The ski tour always started with a steep climb to a pass or high pass. Then, if the weather was favorable, there was usually an option to climb a peak or two. A long descent usually followed and by early afternoon we reached our destination for the night.

We spent the afternoons settling in, drying our skins and booties, and changing from our ski clothes to our more comfortable cabin clothes. After that there was usually plenty of time to relax, have a beer, journal, read, plan for the next day, chat with other groups, etc.

As the days went by, the rhythm of the journey took over. We adapted to skiing with weight on our backs, and our pace and movement became more and more comfortable and efficient.

We also got to know the others who cross with us. The two Swedes from Stockholm were relaxed and often laughed at something. Two young German buddies always started early, aiming for important skiing goals. Not far behind them were two college students and aspiring guides from the Geneva region every day. They were always optimistic and excited. The Urner was their first ski crossing of the Alps.

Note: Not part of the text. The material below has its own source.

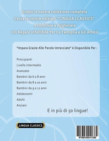 * IMPARA L'INDONESIANO DIVERTENDOTI - AMPLIA IL TUO VOCABOLARIO FACILMENTE! Studiare Con Le Parole Intrecciate È Una Tecnica Di Apprendimento Efficace Usata Nelle Scuole per Migliorare Il Vocabolario - Un Grande Gioco per Stimolare L'Apprendimento! Questa serie di libri è stata progettata per adattarsi al livello di ogni persona. Che siate un principiante, un livello intermedio o che stiate aiutando vostro figlio a imparare una nuova lingua, troverete il libro giusto per le vostre esigenze. Come? Un ottimo complemento per chiunque impari una lingua. Migliorate il vostro livello con un'attività stimolante! Con +40 ore di divertimento, scoprirete e imparerete a ricordare più di 2000 parole. UN MODO STIMOLANTE PER STUDIARE: - VOCABOLARIO SPECIFICO PER ETÀ E LIVELLO: Goditi una selezione di +2000 parole - IMPARARE ATTIVAMENTE: Viene fornito uno spazio per incoraggiare il lettore a fare la propria traduzione - GRANDE FORMATO PUZZLE: Progettato per la migliore leggibilità possibile - SOLUZIONE CHIARA: Soluzioni in un formato chiaro e semplice - DIVERTENTE: Abbastanza difficile da essere impegnativo, abbastanza facile da creare dipendenza DIVERTITEVI A SVILUPPARE LE VOSTRE COMPETENZE LINGUISTICHE: - Pratica Le parole intrecciate rendono la sfida dell'apprendimento di una lingua un piacere! - Progresso Imparate con un vocabolario comune adattato alle vostre capacità. - Ricordate ciò che imparate Una tecnica di apprendimento attivo per aumentare il vostro vocabolario. - Raggiungi i tuoi obiettivi Non esercitatevi solo passivamente. Cercate le traduzioni di nuove parole - trovale nel Puzzle - aggiungile al tuo vocabolario! DISPONIBILE IN OLTRE 50 LINGUE PER: - Principianti - Intermediario - Avanzato - Bambini dai 6 agli 8 anni - Bambini dagli 8 ai 10 anni - Bambini dai 9 ai 12 anni - Adolescenti - Adulti - Anziani Scopri la nostra collezione completa - cerca ""LINGUA CLASSICS"" e scopri nuovi libri per migliorare te stesso - un regalo infallibile per la tua famiglia e i tuoi amici! Goditi subito questa divertente esperienza di apprendimento - Fai amicizia con una nuova lingua facilmente! ------- [ENGLISH] ------- Note: Some content in English might be missing due to length restrictions. * LEARN INDONESIAN WHILE HAVING FUN - BUILD VOCABULARY EASILY! Word Searches Are an Effective Technique Used in Schools to Increase Vocabulary - It’s an Ideal Game to Stimulate Learning! This book series has been tailored to each person’s specific level. Whether you are a beginner, advanced, or helping your child learn a new language you’ll find the right book for your needs. Why? It’s a great complement for anyone learning a language. Make it easy with an encouraging activity! With +40 hours of entertainment, you will discover and be able to retain over 2000 words: AN EXCITING STUDY COMPANION WITH: - AGE & LEVEL SPECIFIC VOCABULARY: Enjoy a curated selection of +2000 adapted words - ACTIVE LEARNING: Space provided beside each term to encourage the reader to self-translate - PUZZLES IN FULL PAGE FORMAT: Designed for the best readability possible. - BOOK PREVIEW AVAILABLE: No surprises, click on the cover to Look inside the book - EASY MA...

There was also a second group of Swedes, two couples. Like us, they had many years under their belt and were quite laid back in their pace and attitude – treating it like a vacation, just like us.

You might hear four or five languages ​​in conversations in the dining room at any time. Yet everyone also spoke English to some degree, and there were always questions about skiing in Colorado.

We crossed passes and peaks with foreign names like the Winterlücke, the Lochberg, the Fünffingerstöck and the Sustenhorn, which at 3,502 meters (11,490 feet) was the highest point of the trip.

On the morning of the fifth day we left the Sustli Hut and climbed a peak called Grassen. Two thousand meters below, we could see the lush green valley that led to Engelberg, our final destination. We took some pictures and said our goodbyes to everyone. After this descent, we would all go our separate ways.

Christy and I stayed at the top of Grassen for a while, enjoying it all, watching the others descend, each group at their own pace. We were grateful for the five days of good weather, without which we might not have been able to complete this whole route successfully. The favorable conditions also allowed us to climb nearby peaks every day – six new peaks in all.

All that was left was nearly 4,500 vertical feet of skiing. We took our time, enjoying the corn snow which got better as we descended. Arrived at the end of the snow, a little above the bottom of the valley, we continued on foot.

There was a lot to process as we descended to the valley floor through the postcard-like green and vibrant Swiss mountainside.

What a fun way to arrive in a new city. What a memorable adventure to end the ski season. But the main thought that crossed our minds – after a few years of restricted travel, we were back on a remote, feel-good skiing adventure.